Но, оказывается, был еще нянькин Бог, который мог «облегчить душу». Я решила, что вечером обязательно пойду в церковь. Денег на свечку у меня не было, но разве в свечке дело?

Состояние моего здоровья сразу улучшилось. Я села на постели, попросила есть и даже почитать мне вслух «Хижину дяди Тома». К обеду я уже была совершенно здорова, а к приходу родителей бабушка разрешила мне одеться и выйти в палисадник.

В те годы в Москве еще было множество действующих церквей. Поблизости от нас их было по меньшей мере пять, но мой выбор почему-то пал на небольшую белую церковь на углу Благовещенского переулка.

В церкви было тихо и малолюдно, полутемно и благостно.

Шуршали длинными юбками тихие старушки, вздрагивали желтые огоньки свечей, строго и печально глядели с икон святые. Шла служба, пел хор, старушки крестились и опускались на колени, я тоже крестилась, становилась на колени и просила Бога простить меня. Потом я долго прижималась носом к зацелованному стеклу большого образа Спаса Нерукотворного и от всего сердца клялась, что никогда не буду брать ничего чужого.

Когда я вышла из церкви, на душе у меня полегчало, и лихорадочные отблески закатного солнца показались мне куда ярче полуденных лучей. И все-таки я чувствовала, что надо еще что-то совершить, чтобы до конца искупить свою вину. Не знаю, помогли ли моления или просто все силы души были направлены к искуплению, но я вдруг поняла, что надо делать.

Когда я, осторожно оглядываясь, переходила Тверскую, внимание мое привлек большой плакат, выставленный в окне аптеки номер 5, что была прямо напротив церкви. На плакате были изображены лекарственные пузырьки всех размеров, с белыми наклейками и длинными ярлыками. На каждом пузырьке, в зависимости от его размера, значилась цена: на самом большом – 5 копеек, на самом маленьком – 1/2 копейки. А внизу призывно и ярко: «Сдавайте ненужную тару! Оплата по тарифу».

Так вот оно, избавление!

Папа любил лечиться. На столике возле родительской кровати всегда стояли пузырьки с лекарствами и коробочки с порошками. Опустошенные коробочки сжигали в камине, а пузырьки выносили в чулан. Пол в чулане был уставлен множеством пузырьков самой разнообразной величины, и, если смотреть на них сверху, это напоминало небольшой городок с островерхими крышами – такие городки были нарисованы на картинках к сказкам Андерсена и братьев Гримм.

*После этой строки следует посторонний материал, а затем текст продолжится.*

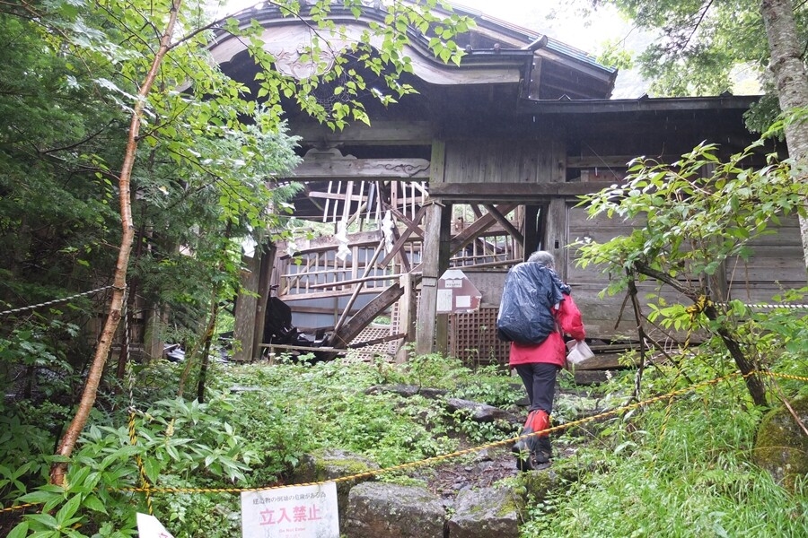 四合目はあまり見所もなく四・五合目の宿の跡へ、軒下に逃げ込んで撮影

Бабушка давно жаловалась, что от пузырьков не стало житья, нельзя даже кастрюлю с супом на холод поставить.

На следующее утро чулан сиял чистотой. Мы с Лидкой трижды ходили в аптеку номер 5. Общая выручка была 2 рубля 84 копейки. За труды и проявленную инициативу мне был подарен из этих денег один рубль. Большой, желтый, мятый рубль, совсем такой, какой я взяла из шкафа. Я положила рубль между стеной и второй полкой.

11

С дачи в город обычно возвращались в середине августа. Весной дачу старались снять подешевле и потому несколько лет подряд ездили в Салтыковку. Там родители облюбовали небольшой бревенчатый сарай с окном и дощатым полом. Хозяева к лету, в ожидании дачников, освобождали его от хозяйственной утвари. Сарай был чистый и сравнительно теплый. Спали мы с бабушкой на полу, привозили из города полосатые парусиновые наматрасники, туго набивали их прошлогодним сеном, отчего в сарае всегда стоял свежий сенной дух. Воду носили из колодца, который находился в самом конце улицы. Родители приезжали к нам только на выходной, все хозяйственные заботы падали на бабушку, и она к концу лета изрядно уставала, хотя никогда не жаловалась. Я с детства обожала летнюю Москву, и когда кто-то из родителей произносил заветную фразу: «А не пора ли вам, друзья, перебираться в город?» – я не могла скрыть восторга.

К воротам подъезжала телега, а годами позже – грузовик, который отец заказывал в Госплане, грузился наш нехитрый скарб, милейшая хозяйка Пелагея Николаевна вручала бабушке большой букет золотых шаров, обрамленных темно-красными георгинами, кланялась и говорила: «Бог даст, в следующем году свидимся…»

Но была еще одна причина, по которой бабушка торопилась в город, – надо было варить варенье и ставить наливки. «Если в доме есть варенье и наливка, даже нежданный гость не страшен!» – говорила бабушка.

Однако ягоду на варенье не принято было покупать на ближайших рынках – там и дороже, и ягода не такая качественная. За ягодой для этой цели ездили на Болотный рынок, такова была московская традиция. Для этой поездки брали извозчика, в ноги ставились пустые ведра, и договаривались, что за дополнительную плату извозчик станет дожидаться, пока не будут закончены покупки, и поможет погрузить в пролетку ведра с ягодами.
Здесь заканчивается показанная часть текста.